Mobile units are subject to a different EN - BS EN 1866:1999. A complicated rating system exists dependant upon the media (water, foam, powder etc) and whether its Class A or B. CO2 is not covered.
Most specifications for mobile units work on the old fashioned premises of mass - just like with portables in pre-fire rating days x area requires a water extinguisher of at least y litres, x risk requires either a y kg be powder or z kilo monnex or a kio CO2.

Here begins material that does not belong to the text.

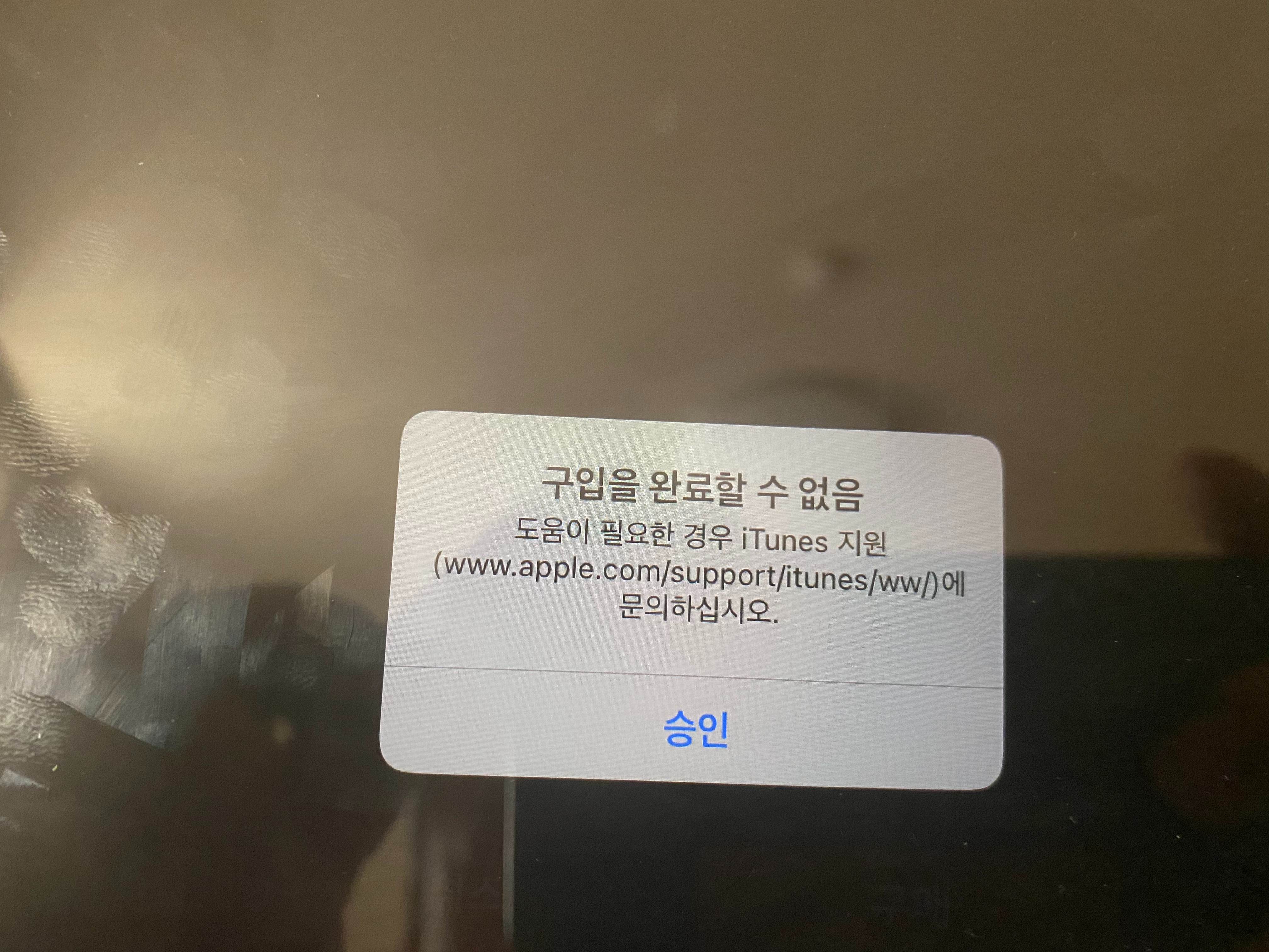 "구입을 완료할 수 없음" 또는 "iTunes지원으로 문의"하라는 에러 메세지가 뜨면서 결제가 되지 않을 경우,

With regard to foam branchpipe extinguishers - for decades all non chemical foam extinguishers were branchpipe and over the years went through P, FP & AFFF as the foam compound. Until the last few years all foam branchpipe extinguishers were AFFF unless you bought Angus Alcoseal models with AR-FFFP.
Now the few manufacturers of foam branch extinguishers seem to use FFFP - certainly Thomas Glover, Chubb & Amerex do. UK Fire britannia are the only AFFF branchpipe still made routinely.
Any case where you fill an extinguisher with the wrong agent voids the fire rating, voids any warranty and is in breach of the BS. With pwders this can also be dangerous. Failure to perform adequately would result in liability falling on the person who filled it wrongly.
Most AFFF branch extinguishers got a 13A:183B rating for 9 litres. FFFP models are similar, but can have higher ratings (21A &/or 233B). the property of the foams are different, the FP element of FFFP giving better stability and burnback resistance, plus most of these extinguishers are AR-FFFP so you'd loose your polar solvent/alcohol capability.
Considering that the cost difference between a bottle of AFFF refill for a 9 litre ext is only minutely less than that of a AR-FFP refill there is no real cost advantage - better to stick with the designed foam compound and avoid problems later on.
Don't forget most AR-FFFP branchpipe extinguishers now use 90g cartridges instead of the 71 or 75g used in the old AFFF models - use the wrong cart & you'll get poor performance.
SUMMARY - AFFF will work (not as well) in a AR-FFFP branchpipe - but you shouldn't do it!